# Ranger Regiment inducts newest distinguished members



## 275ANGER! (Sep 26, 2008)

Good to see CSM Dotson on the list.  He was one of the few heavy hitters that I believe actually “got it”, he understood Regiment and the men that make it work.  He should have been tapped to be the Battalion CSM instead of Legg when Pallister left for RSM after all he left early retirement to comeback as the OSM.  Regiment needs to hold on to people like him instead of bringing in outsiders. I think CSM Dotson was also the reason we started sending guys down to CDQC again.  



> A small congregation of 220 people who made special contributions to the nation’s premier raid force grew when 13 Ranger veterans and other supporters were inducted as distinguished and honorary members of the 75th Ranger Regiment here, Sept. 12.
> 
> “Since 1989, 30,000 Rangers have come through our ranks,” said Col. Richard D. Clarke, 15th commander of the 75th Ranger Regiment as he addressed a room filled with Rangers, veterans, friends and families. “There are only 220 fellow Rangers and supporters who are distinguished or honorary members of the Regiment.”
> 
> ...


http://news.soc.mil/releases/News Archive/2008/September/080923-01.html


----------



## Gypsy (Sep 26, 2008)

Congrats to all!


----------



## Invictus375 (Oct 9, 2008)

Personally, I think this list is a bit of a joke. 

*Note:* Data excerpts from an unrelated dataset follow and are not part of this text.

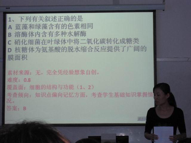 昌平二中一直力促教师们多学习、多交流,希望大家能够发挥集体智慧,共同进步,并为教师提供各种平台共同发展。生物教研组积极组织教师集体备课,攻破疑难章节,共同进步。2012年9月28日,政府街校区高二、高三年级全体生物学科教师对《物质跨膜运输的实例》一节进行了思路分析、课程设计,使本节课完善起来。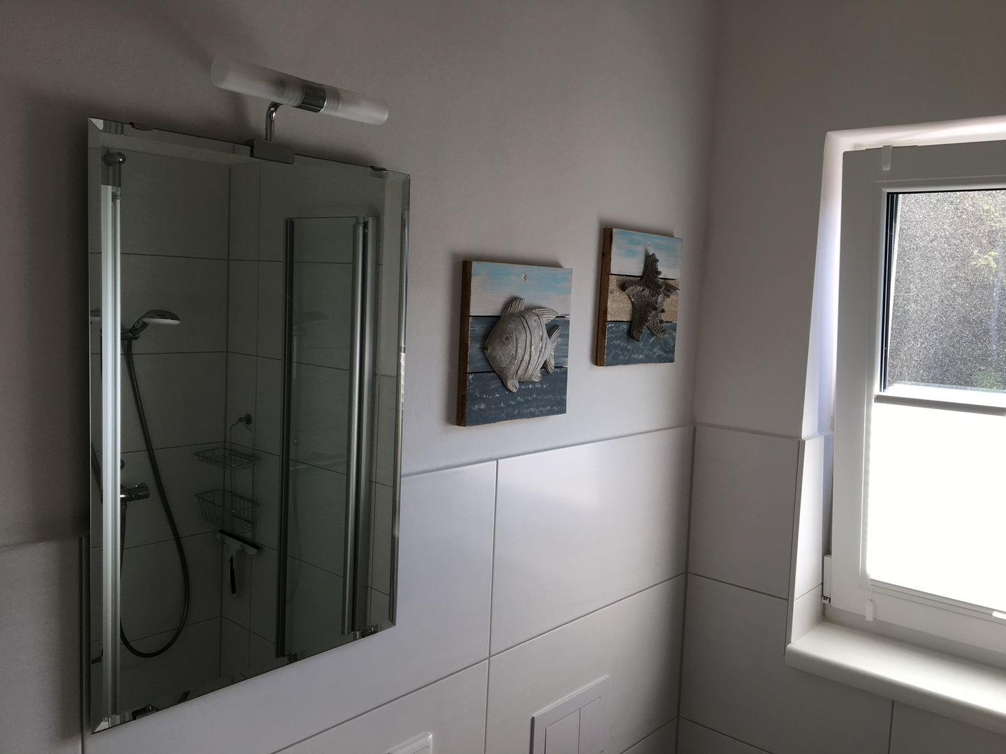 Zwei Badezimmer – beide mit Dusche und jeweils mit Waschbecken, Spiegel und Fenster ausgestattet und ein sep. Gäste-WC im Erdgeschoß – bieten ausreichend Komfort für alle Gäste. Der offene Wohn-Essbereich verfügt über eine gemütliche Sofaecke ( 1 Schlafsofa (150x200cm), TV, Sichtschutz-Plissees) , sowie einen Kaminofen, der an kühlen Tagen für behagliche Wärme sorgt. Die ländlich-moderne Atmosphäre wird durch stilvolle Ausstattungsdetails, wie Kommode, Ganzkörperspiegel sowie durchdachte Raumaufteilung abgerundet.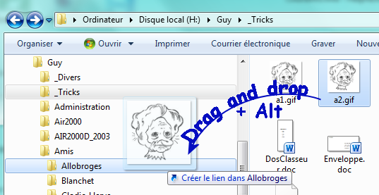 Quand on lâche, le raccourci est créé dans le répertoire Allobroges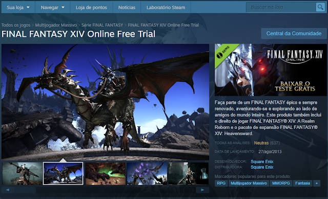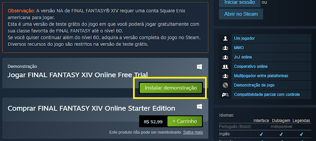 Para baixar o jogo entre no app da STEAM logado (se não tiver conta no site, crie uma), procure o jogo Final Fantasy XIV Online Free Trial, desça a página e clique em “Instalar demonstração”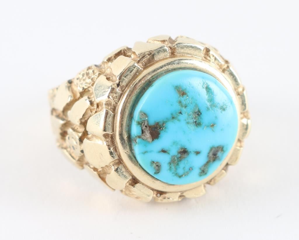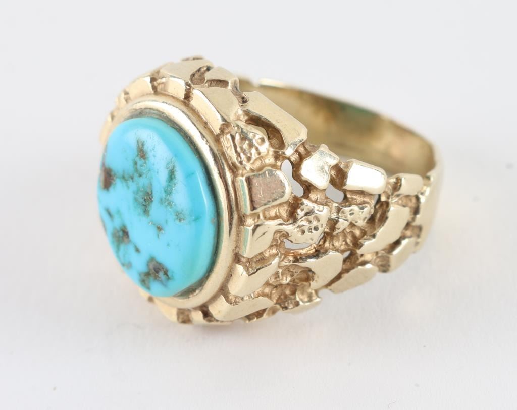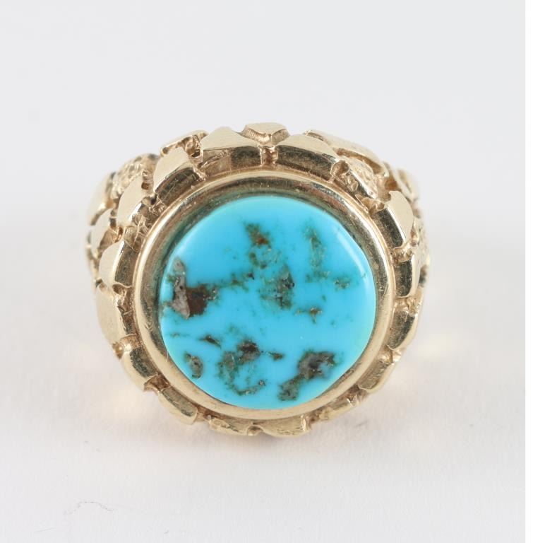 Nugget style 14kt gold setting with single turquoise stone, size 10.5, weighs13.8 grams.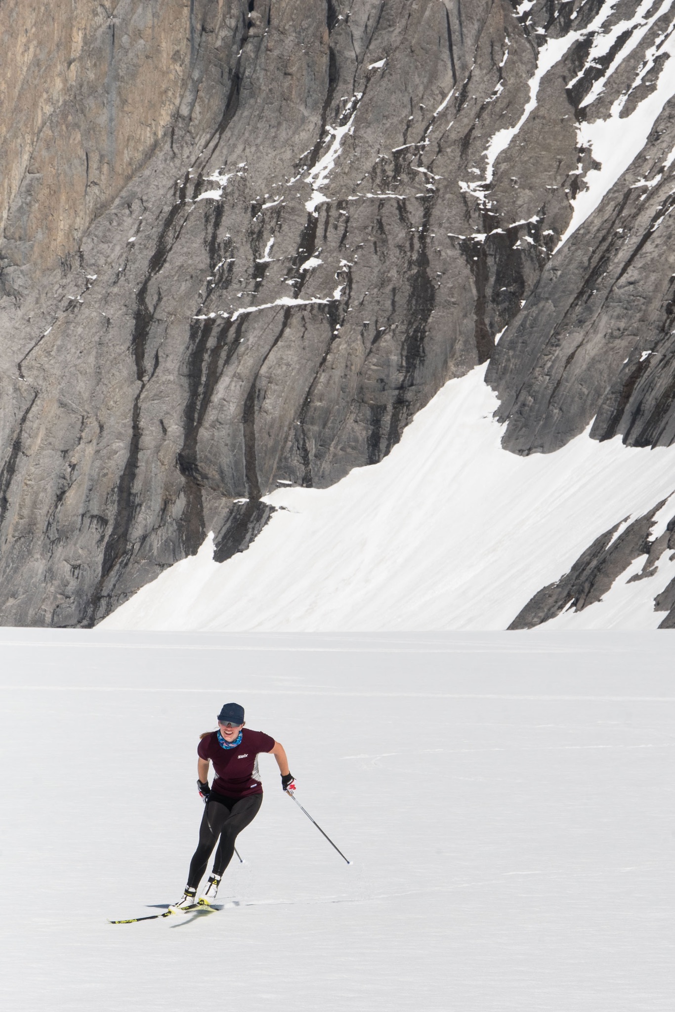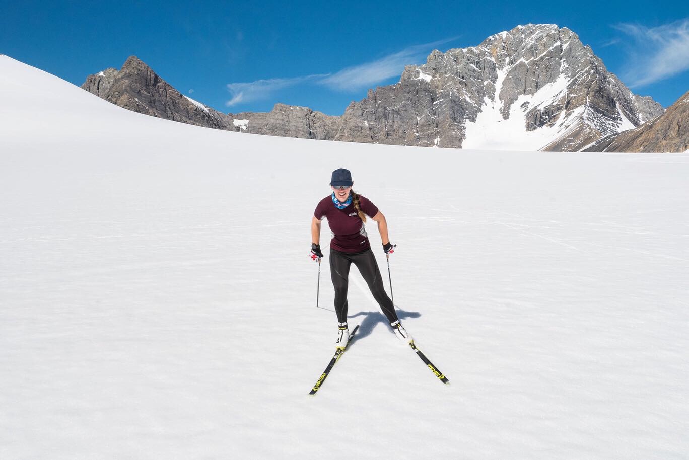 The past few years I have been on the glacier in August, as the snow pack is already starting to recede. With our trip up to the Haig in July this year, coupled with the cool and wet spring Canmore experienced, the ski conditions were phenomenal. There was a fresh snowfall the day we went into the glacier, so we had 4 days of prime spring skiing conditions in the middle of summer. As always, it’s great to get back on skis after a few months of dry-land training to reconnect with that on snow technique and feeling. Especially with classic striding, roller skiing just isn’t the same. Glacier skiing is a great way to check in on the progress being made towards the summer’s technique goals and of course do some crust skiing. It’s a ton of fun to be able to ski mid summer, a camp that is good for the body and good for the soul!

You've got officers that did 'maybe' 4-8 years on here...and how many NCO's that have served a decade in Battalion or more that get no recognition? It's just another accolade for their resume. Same issue I have with the RHOF...until they address that, it's credibility is lacking in my opinion...just my .02 and worth what you paid for it ;)


----------



## Boondocksaint375 (Oct 9, 2008)

Bielich gave me a no-go in Mountains and was always on my ass. 

Ahhh memories


----------